Longtime lurker. I recently took step and am a bit nervous because of dumb mistakes I made on test day.

I finished zanki & lolnotacop prior to dedicated and continued with these reviews until about a week prior to my exam. I finished UW a few days prior to the exam @ 77% (random, timed blocks). I originally had 6 weeks planned for my dedicated but cut it down to 4.

NBME 20: 232 (4 weeks prior)

UW1: 256 (3 weeks prior)

UW2: 245 (2 weeks prior)

Step 1: ?

After my UW2 assessment, I was satisfied and wanted to just finish the UW qbank and get the beast over with...

I would be happy with anything over a 240... Any thoughts?
I'm sure with your impressive practice scores you still made some dumb mistakes. The exam is 280 questions. Dumb mistakes are bound to happen. You're probably ignoring all the questions you got right while focusing on the ones you got wrong.

BTW, did you start Uworld during dedicated? I'm 10 blocks in after 4 days of dedicated (about 78% correct), and would like to finish it in 4-4.5 weeks, but it's difficult.
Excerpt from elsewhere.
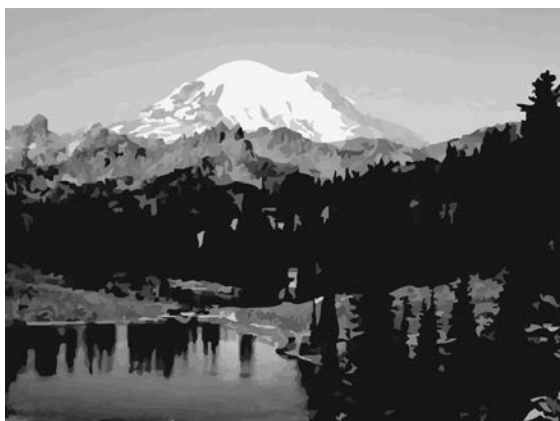
All creation depends on the Creator for life.

The Psalms are full of praise for the Creator. Sometimes this is shown in nearly the same language in Genesis 1. At other times the language is more general. But in all cases, the description of Creation is nearly the same as in Genesis 1. These descriptions also remind us how Genesis helps us to better understand our beginnings as sons and daughters of God.

Reviewing the sets takes forever.
 
I'm sure with your impressive practice scores you still made some dumb mistakes. The exam is 280 questions. Dumb mistakes are bound to happen. You're probably ignoring all the questions you got right while focusing on the ones you got wrong.

BTW, did you start Uworld during dedicated? I'm 10 blocks in after 4 days of dedicated (about 78% correct), and would like to finish it in 4-4.5 weeks, but it's difficult. Reviewing the sets takes forever.
Thank you. And I think I started my dedicated with like 2300 UW questions left? I did a few hundred during my winter break right before. TBH I know everyone says to take your time reviewing, but I spent way too long with my reviews so I started to time myself and forced myself to get through them a little quicker. You also get faster as you go.
Good luck to you!
 
Hi, All.

Longtime lurker. I recently took step and am a bit nervous because of dumb mistakes I made on test day.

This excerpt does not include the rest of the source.